To correlate open chromatin sites with DNA methylation profiles and gain further insight into the epigenomic state of pituitary cells, we performed sn methylation assay on 2,756 nuclei isolated from 30 pooled male pituitaries. Genome-wide analysis of CG DNA methylation levels (mCG) enabled the detection of 9 cell clusters (Fig. 3b). Cell cluster identity was defined based on the depletion of mCG levels at the promoters of known pituitary cell type markers. Non-CG DNA methylation (mCH) was a rare event in the pituitary sample, and thus was not used for cell type assignment. The identity of most endocrine cell type clusters was clearly established, as well as that of stem/progenitor cells, endothelial cells, and pericytes, as their methylation patterns were restricted to single groups of cells (Fig. 3b,c). As expected, there was an inverse relationship between gene expression level (Fig. 2b) and DNA methylation level of the corresponding promoter (Fig. 3c), suggesting that promoters with low methylation levels were more likely to be accessible and transcribed. Cell type identification was more challenging for the gonadotrope and thyrotrope clusters (the latter containing only 49 cells), requiring the use of additional gene markers (Cga, Tshb, Gnrhr besides Fshb and Lhb for gonadotropes; Tshb and Cga for thyrotropes). In contrast with snRNAseq and snATACseq, sn methylation data analysis did not identify a gradient of somatotropes, suggesting that these transcriptome changes may represent cell states rather than cell types. Overall, the major pituitary cell types identified correlated well with those found by both snRNAseq (Fig. 2a) and snATACseq (Fig. 3a) analysis.
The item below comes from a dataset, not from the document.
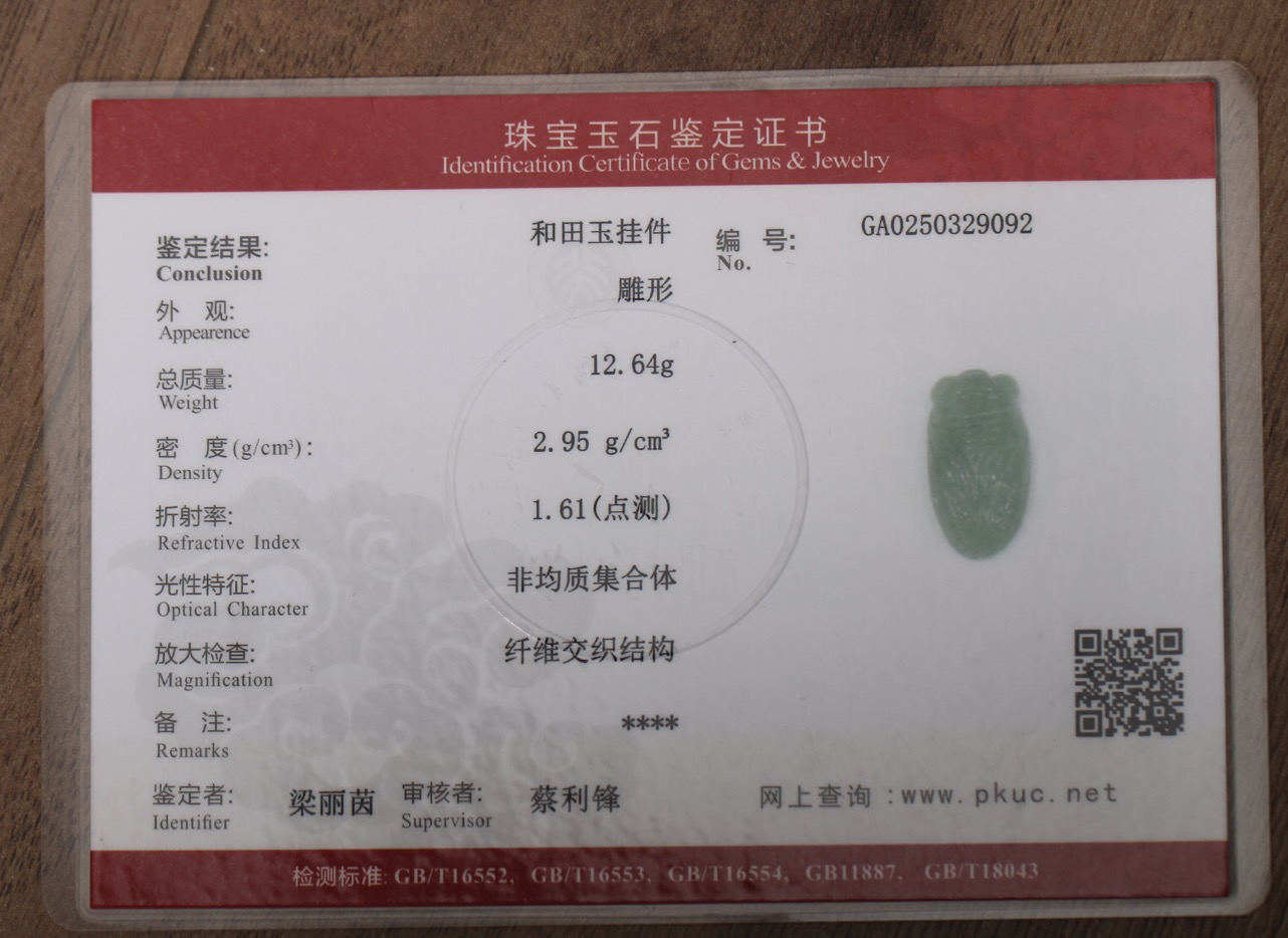 和田碧玉玉蝉【一鸣惊人】吊坠 配精美挂绳

Murine pituitary multi-omics sn atlas

Determination of cell type proportions in the snRNAseq data (Fig. 4a, Supplementary Table 2a) revealed that females had significantly more lactotropes and fewer somatotropes than males (Supplementary Table 2). Similar cell type proportions were inferred from the snATACseq data obtained from the same individual pituitaries (Fig. 4b, Supplementary Table 2b) and corresponded to those obtained by sn methylation in a sample of pooled male pituitaries (Fig. 4c, Supplementary Table 2c). Generally, male-female differences in cell type proportions identified by either gene expression or promoter accessibility were in agreement, providing further support for the correct identification of cell types across different assay modalities.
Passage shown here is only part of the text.